I texted him wanting to let him know that I was okay with it, but I wanted to understand his reasons. We ended up both agreeing that it wasn’t the right time. He ended up telling me that he wasn’t talking to her or anything, but that I had been right in saying he hadn’t gotten over her and it wasn’t fair to me.
He said he blocked me moreso for him than because of me so that he wouldn’t be able to contact me even if he wanted to. I told him that I understood and I wished him the best. I wanted us to leave on good terms because if we ever met up in the future, I wanted it to be nice and carefree. Said my goodbyes and in return he replied that he loves our connection.. that it was and still is amazing. He told me i was amazing and that i deserved more than what he was dealing me. He told me not to worry because he would see me again eventually, wished me the best, sent me a kiss and that was that
This. Sucks.
But do you think that there can be a possibility for us to reconnect later on? Thoughts?
Thank you in advance
EBR Team Member: Amor
September 12, 2016 at 7:19 am
Hi Maria,
Yes, I think there is still a chance.. Let him heal while you improve yourself.
rachel
September 9, 2016 at 1:27 pm
So me and my ex broke up 2 months ago. It has been chaos ever since. He is alwys angry msging me claiming that i have slept with this guy and that. He has a long list of guys that he has made up in his mind that i have slept with. I have tried explaining to him countless times but he doesnt seem to be working. I even read the article that states if i have been falsely accused of cheating.

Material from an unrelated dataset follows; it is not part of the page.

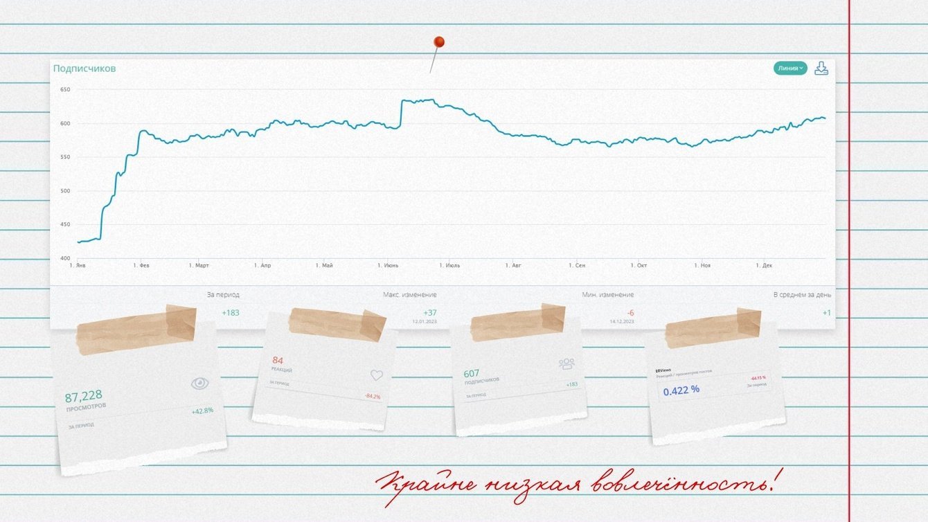 В Telegram количество аудитории — 607 подписчиков, всего за год на постах было получено 84 реакции, вовлеченность также низкая.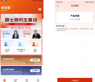 登录后进入到APP-首页,首页有各种面试的快速入口,学生可根据需要进行选择。选择面试岗位,完成面试、查看面试报告。

I have tried everything, i followed that article and not spoken to him for more than a week but i alwys ended up replying to him because of his angry msgs daily.

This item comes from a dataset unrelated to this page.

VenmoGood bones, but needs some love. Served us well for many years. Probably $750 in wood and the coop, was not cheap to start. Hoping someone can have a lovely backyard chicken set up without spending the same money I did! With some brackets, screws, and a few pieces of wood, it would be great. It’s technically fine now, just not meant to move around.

I got really fedup and i knew where he was working ysterday, i showed up and he wsnt pleased. We had a huge fight, with him walking away and me following him and him throwing his phone and asking me to leave but i didnt. I begged him to make it work with me but he kept refusing and saying he hasnt had feelings for me in a long time even when we were together. It was very hurtful, it ended up with him getting into his car and driving away.

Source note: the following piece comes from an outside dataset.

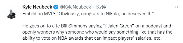 谈到约基奇夺得本赛季MVP,恩比德表示:很明显,他应得的,恭喜约基奇;恩比德还表示自己、字母哥和布克都值得MVP:我不知道自己还需要做什么才能赢得MVP,随便了。

I went home all numb and he continued angry msging me in the middle of the night, he sent me a video of him cutting up our picture together, That really HURT !
He is really angry at me and no matter what i do, he just keeps getting angry at me. He seems so adamant on never getting back together, he is at a point where he hates me ! He has been extremely angry at me for 2 months straight and after last night it got way worst ! Again he deleted my number in front of my face and he has blocked me everywhere including whatsapp now.
What should i do ? Please advice.
EBR Team Member: Amor
September 10, 2016 at 11:52 am
Hi Rachel,
stop feeding the fire Rachel.. I know you’ll keep doing what you want to do and I understand that and I also think that’s the only way that can help you realize that the more you answer, the more you show up, the more you beg, the more it will make him angry or take advantage of that power by continuing to be angry at you.
You basically keep on reacting to him and it’s making him feel good. Take the high road. Ignore and improve yourself. Learn to live life that he’s the only who’s angry.
You’ve explained. That’s enough. Don’t lower your value by continuing to chase him.